5(b) Web interactivity: Server-side • Used to enable a user to enter information on a web page and send it as input to a program running on the server (eg a database program) • Any web system, must use a server-side script to get the user input to the main program and send a reply. For example: • a system which stores transaction details (order, payment, etc) in a database on a server; • any web interface set up to enable a user to interact with a system (eg a web-based user query of the Monash library catalogue)
Server-side scripts and CGI (Common Gateway Interface) • CGI is a protocol for enabling exchange of data between a web page and a program running on the server • CGI scripts run on the server; activated by user input to a web page form • A CGI script can provide web form input data to another program running on the server (eg a database) • It can also accept data from a program on the server and provide it to the web page • Write CGI scripts in many scripting languages - Perl, etc
Cookies: A way of achieving server-side interactivity • A cookie is a text file which a server sends you with the web page you requested • The cookie is stored by your browser; sometimes temporarily and sometimes permanently (or until you remove it) • The cookie stores information about the user computer or user input to the web page • When the browser asks for another page from that server, information in the cookie is sent to the server along with the request for the page
Using cookies: A simple example • When you buy something from Amazon.com: • Amazon puts a cookie on your machine to identify you • Amazon records your details, your purchase and your cookie details in its sales database • Next time you ask your browser to get you the Amazon web site: • the browser sends your customer number from the cookie back to a CGI script on the Amazon server • The CGI script checks you on the customer database and uses it to personalise the page it sends you
6. Implications for web developers (1) • Building either client-side or server-side interactivity needed programming skills to write the scripts • Programming languages are not well-structured to deal with web interactivity needs • A range of scripting languages have been developed and new scripting capabilities built into HTML, new plug-ins for browsers, etc • Now we have many different options for writing scripts - Microsoft’s Active Server Pages, PHP, Perl, Python, etc etc …. Very confusing!
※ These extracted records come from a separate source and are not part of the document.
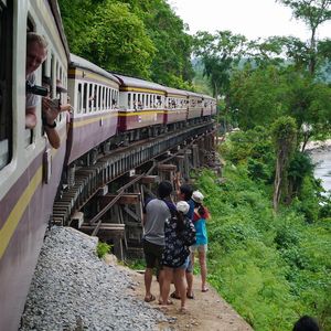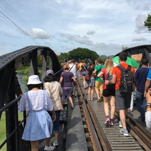 最初のバスに集合の時点から少し遅れている人がいたり参加者の中に体調不良の方がおられ予定より早いトイレ休憩、その人がバンコックへ引き返す乗り合いバスを当たったりでやや押し気味ではあったものの渋滞もなく船着き場に着き鉄橋を下から眺め上陸し、鉄橋見学・散策15分、戦争博物館見学30分、戦没者慰霊塔5分の時間をかけ、次はいざ列車に乗るというときにガイドさん曰く「今日は列車が遅れていないから早くいかないと乗り遅れる」と慰霊塔から小走りに、、78才の膝の悪い高齢者がいたので本人も急いでましたが気の毒でした。どこかの見学時間をあらかじめ調整はできたはずで段取りの悪さは否めず。ガイドさんは他のガイドと会った時や列車内でも車掌とほとんどおしゃべり、昼食時にも最初説明だけで様子見にも見ませんでした。致命的ではないがちょっとプロ意識と配慮には欠けてました。ツアー内容には問題がないだけに残念です。
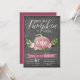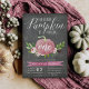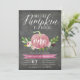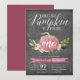 Falla för dessa rustika och eleganta födelsedagsinbjudningar för barn. Designen har en rosa akvarellpumpa prydd med burgunderröda och elfenbensvita blommor och grönska på en svart tavla-bakgrund. "Vår lilla pumpa blir" visas högst upp i elegant kalligrafiskrift, med ditt barns ålder ingraverad på pumpen. Exemplet visas för en ettårsdag. Anpassa med dina födelsedagsdetaljer nedan i vit text. Kortens baksida är i enfärgat burgunderrött marsalafärg.
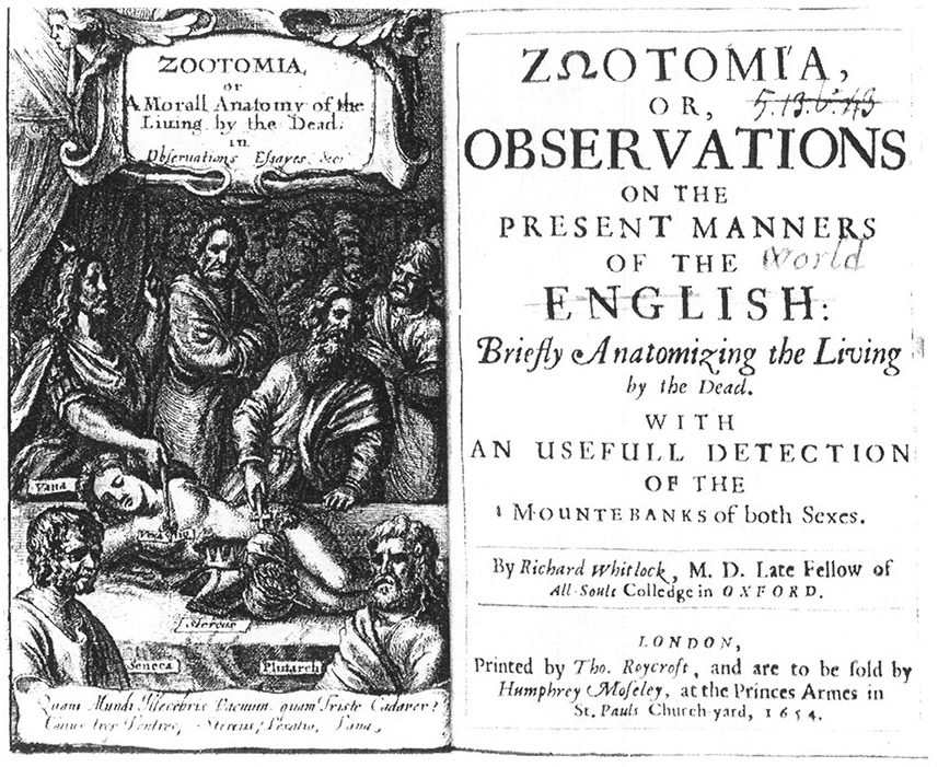 The intellectual bearings of Zootomia are perhaps best discovered by its informal relation to the attack upon learning and academies which broke out around the middle of the century (George Williamson, “Richard Whitlock, Learning’s Apologist,” Philological Quarterly 15,3 [July 1936], p. 259).
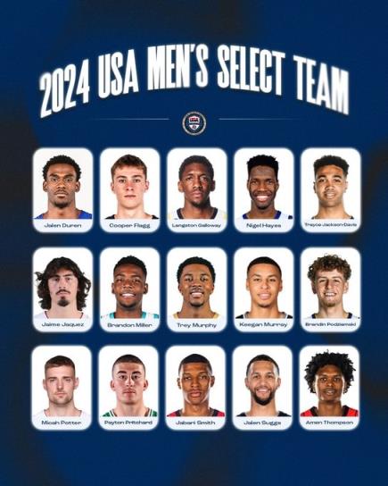 6月29日讯 今天,美国男篮公布了2024年选拔队的名单,明年状元大热弗拉格在列。
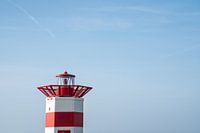 Vuurtoren aan het eind van de Pier van Blankenberge tijdens de zonsondergang.
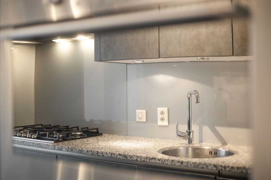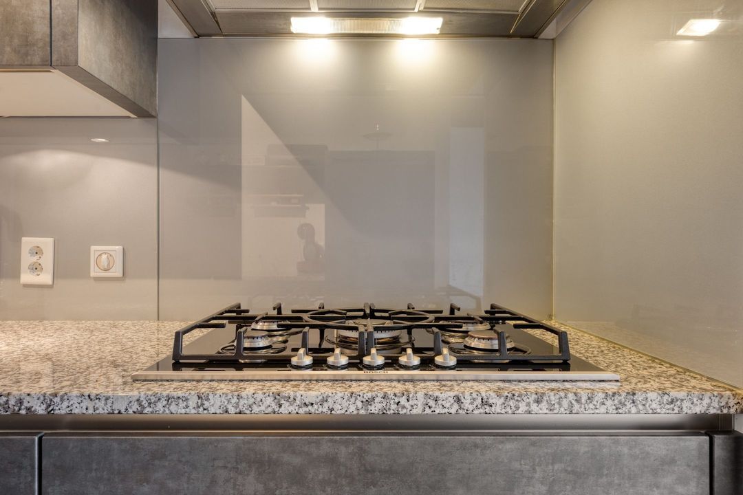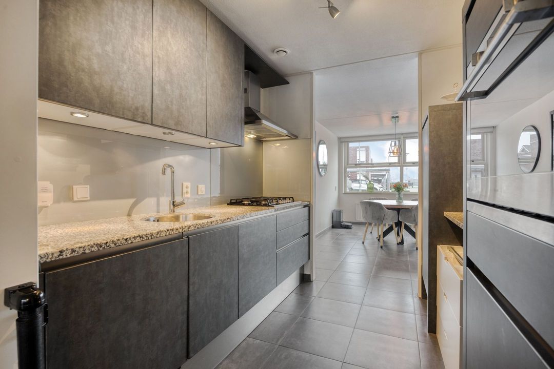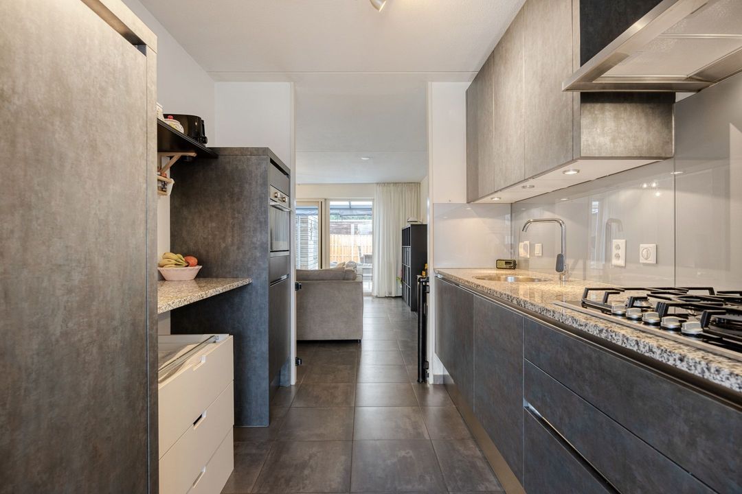 De open keuken, centraal gesitueerd tussen de eetkamer en woonkamer, is uitgevoerd met antracietkleurige, greeploze fronten en een granieten werkblad. De keuken is compleet uitgerust met diverse inbouwapparatuur, waaronder een 5-pits gasfornuis, afzuigkap, combi-oven, koelkast en vaatwasser.

Implications for web developers (2) • As with writing HTML, products have also been developed to generate scripts for database interactivity, so you don’t have to program • However, these products apparently generate code like HTML generators generate HTML - yes, it’s there, but does it work? … and with what browsers? • Therefore, texts still recommend you write it yourself, or at least patch it yourself
Summary • The web is not well designed for dealing with interactivity • It’s messy, inefficient and limited in flexibility (compared to ‘normal’ system connectivity and interactivity) • It requires significant technical skills (programming, etc) which are not easily learned (unlike HTML, for example) • Products which make it easier are coming, but they still fall well short of making it easy • Implications for web systems?